DATASET RECORDS:
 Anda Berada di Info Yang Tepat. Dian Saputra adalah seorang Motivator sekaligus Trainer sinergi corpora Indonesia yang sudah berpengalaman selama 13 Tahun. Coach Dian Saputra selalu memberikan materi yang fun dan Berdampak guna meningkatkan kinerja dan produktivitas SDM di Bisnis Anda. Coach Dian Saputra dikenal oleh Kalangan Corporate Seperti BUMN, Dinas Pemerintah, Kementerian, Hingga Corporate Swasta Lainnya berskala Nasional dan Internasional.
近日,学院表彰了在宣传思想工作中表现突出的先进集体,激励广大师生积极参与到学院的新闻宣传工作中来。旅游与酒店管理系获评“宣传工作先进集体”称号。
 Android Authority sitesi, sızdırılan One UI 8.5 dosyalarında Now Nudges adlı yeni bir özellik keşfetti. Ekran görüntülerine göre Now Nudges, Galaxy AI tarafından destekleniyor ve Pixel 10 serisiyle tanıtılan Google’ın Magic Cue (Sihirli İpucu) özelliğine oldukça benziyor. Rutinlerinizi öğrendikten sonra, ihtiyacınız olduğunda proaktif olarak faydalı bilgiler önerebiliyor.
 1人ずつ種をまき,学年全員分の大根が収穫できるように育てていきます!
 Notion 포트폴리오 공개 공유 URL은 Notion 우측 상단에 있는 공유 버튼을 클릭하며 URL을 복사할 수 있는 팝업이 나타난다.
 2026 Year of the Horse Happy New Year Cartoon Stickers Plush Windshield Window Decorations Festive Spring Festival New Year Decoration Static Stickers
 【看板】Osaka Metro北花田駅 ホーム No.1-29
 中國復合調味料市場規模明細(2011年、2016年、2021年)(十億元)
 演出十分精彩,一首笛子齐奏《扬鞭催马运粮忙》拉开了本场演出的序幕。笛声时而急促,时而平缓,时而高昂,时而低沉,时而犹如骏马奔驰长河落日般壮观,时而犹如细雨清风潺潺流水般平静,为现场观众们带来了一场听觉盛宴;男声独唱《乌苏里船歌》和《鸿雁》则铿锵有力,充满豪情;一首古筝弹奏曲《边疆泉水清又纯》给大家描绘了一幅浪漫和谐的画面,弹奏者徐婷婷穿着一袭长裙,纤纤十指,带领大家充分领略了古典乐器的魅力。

PROMPT: Restate, word for word, the listing above from its first line through the line that contains "2026 Year of", keeping both of those lines.

RESPONSE FOR THIS EXERCISE:
 Anda Berada di Info Yang Tepat. Dian Saputra adalah seorang Motivator sekaligus Trainer sinergi corpora Indonesia yang sudah berpengalaman selama 13 Tahun. Coach Dian Saputra selalu memberikan materi yang fun dan Berdampak guna meningkatkan kinerja dan produktivitas SDM di Bisnis Anda. Coach Dian Saputra dikenal oleh Kalangan Corporate Seperti BUMN, Dinas Pemerintah, Kementerian, Hingga Corporate Swasta Lainnya berskala Nasional dan Internasional.
近日,学院表彰了在宣传思想工作中表现突出的先进集体,激励广大师生积极参与到学院的新闻宣传工作中来。旅游与酒店管理系获评“宣传工作先进集体”称号。
 Android Authority sitesi, sızdırılan One UI 8.5 dosyalarında Now Nudges adlı yeni bir özellik keşfetti. Ekran görüntülerine göre Now Nudges, Galaxy AI tarafından destekleniyor ve Pixel 10 serisiyle tanıtılan Google’ın Magic Cue (Sihirli İpucu) özelliğine oldukça benziyor. Rutinlerinizi öğrendikten sonra, ihtiyacınız olduğunda proaktif olarak faydalı bilgiler önerebiliyor.
 1人ずつ種をまき,学年全員分の大根が収穫できるように育てていきます!
 Notion 포트폴리오 공개 공유 URL은 Notion 우측 상단에 있는 공유 버튼을 클릭하며 URL을 복사할 수 있는 팝업이 나타난다.
 2026 Year of the Horse Happy New Year Cartoon Stickers Plush Windshield Window Decorations Festive Spring Festival New Year Decoration Static Stickers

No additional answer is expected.